Potter, meanwhile, is practically a carbon copy: a man whose career is defined by neatly choreographed possession football, by sideways passing and nothingness in the final third. His Premier League record at the time of writing (at Brighton, Chelsea, and West Ham) is 170 goals in 156 matches, or 1.01 goals per game, significantly fewer than Moyes or Lopetegui.

What seems to have happened here is the West Ham board have confused stale possession with progressive attacking football, the kind of tactical mistake that was commonplace about 15 years ago but really should not be clogging up boardroom discussions in 2025.

But it did, and here we are, Potter’s West Ham looking even worse in front of goal than his Brighton, scoring just 15 goals in 14 matches.

The issues run even deeper, however.
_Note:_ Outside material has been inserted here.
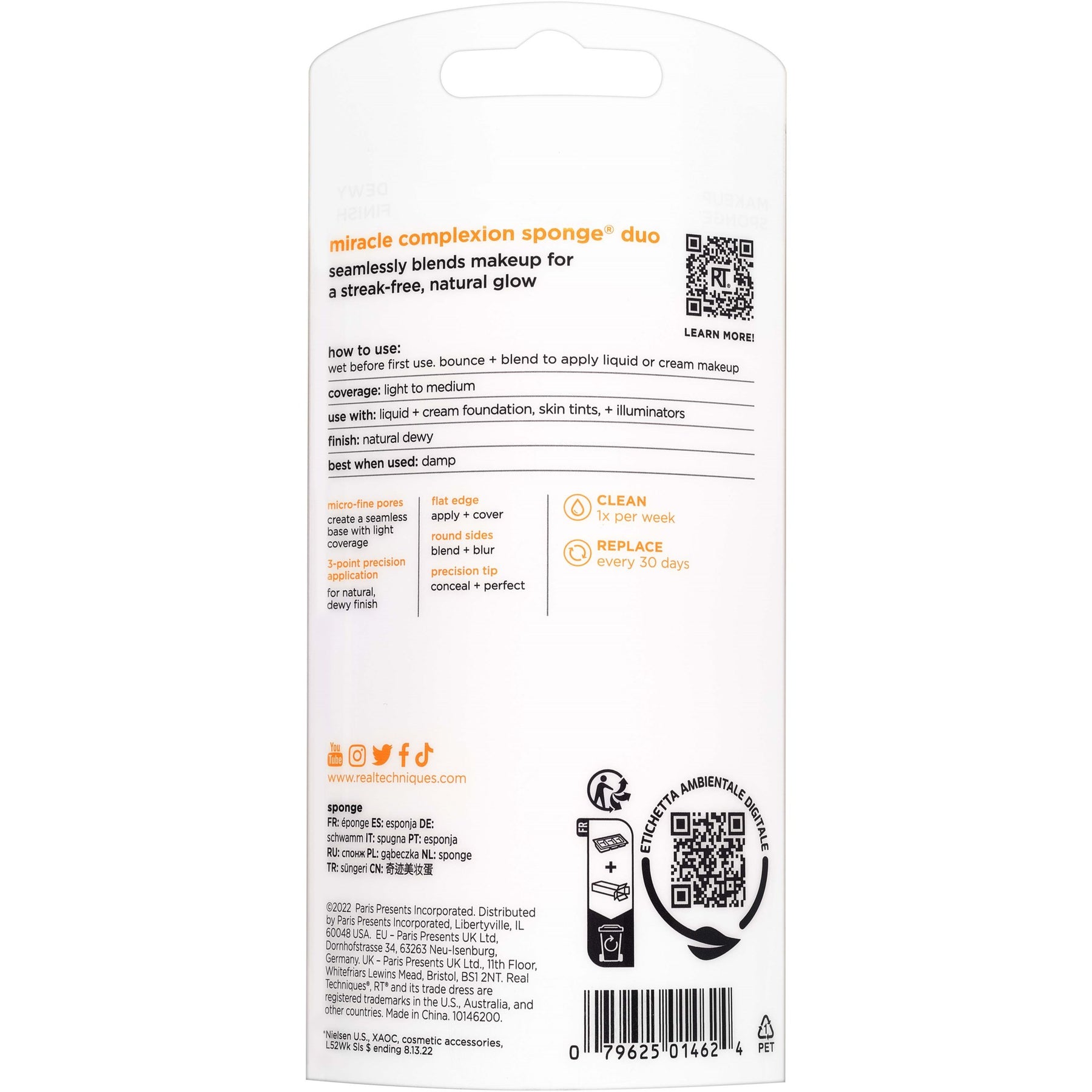 Användning: Fukta Miracle Complexion Sponge lätt med vatten innan applicering av flytande produkter för att minska risken att produkten absorberas in i svampen. Applicera foundation genom att dutta eller med lätt tryckande rörelser arbeta in den på huden med den rundade delen på miracle sponge. För att lägga produkt under ögonen rekommenderas användning av den platta toppen på miracle sponge.

Under Potter, West Ham have no discernible style to speak of, the football ambling and futile as they drift towards summer. Whether that’s his fault or not is up for debate.

Either Potter has failed to implement his system and it is already too late for his ideas to take hold, suggesting another change will come around autumn this year, or it just isn’t possible to make bold tactical changes at a team floating helplessly in mid-table.

Niclas Füllkrug’s angry rant - which simultaneously backed the manager by suggesting the players weren’t following instructions and undermined the manager by breaking rank, for which he was dropped – offers no clues.

Niclas Fullkrug's rant got him into trouble

All we can say for sure is that West Ham is not a happy place. They have spiralled towards crisis ever since Moyes’s departure and, self-evidently, need a big summer.

Just as a jumping-off point, Potter needs a reliable number nine - that ever-elusive figure at West Ham - as well as upgrades at left-back, centre-back, and central midfield.

But even if Potter’s ideal wish list was fulfilled the club are potentially left in the wilderness. The ceiling on what they can do was already hit two years ago by Moyes.

Where do they go from here?

West Ham are trapped in limbo and stuck with a manager whose tactical principles are not in keeping with the fast-transitions now in vogue across the Premier League’s middle class.

Buying yet another new striker won’t bring back the glory days, and Potter, if history is anything to go by, won’t either.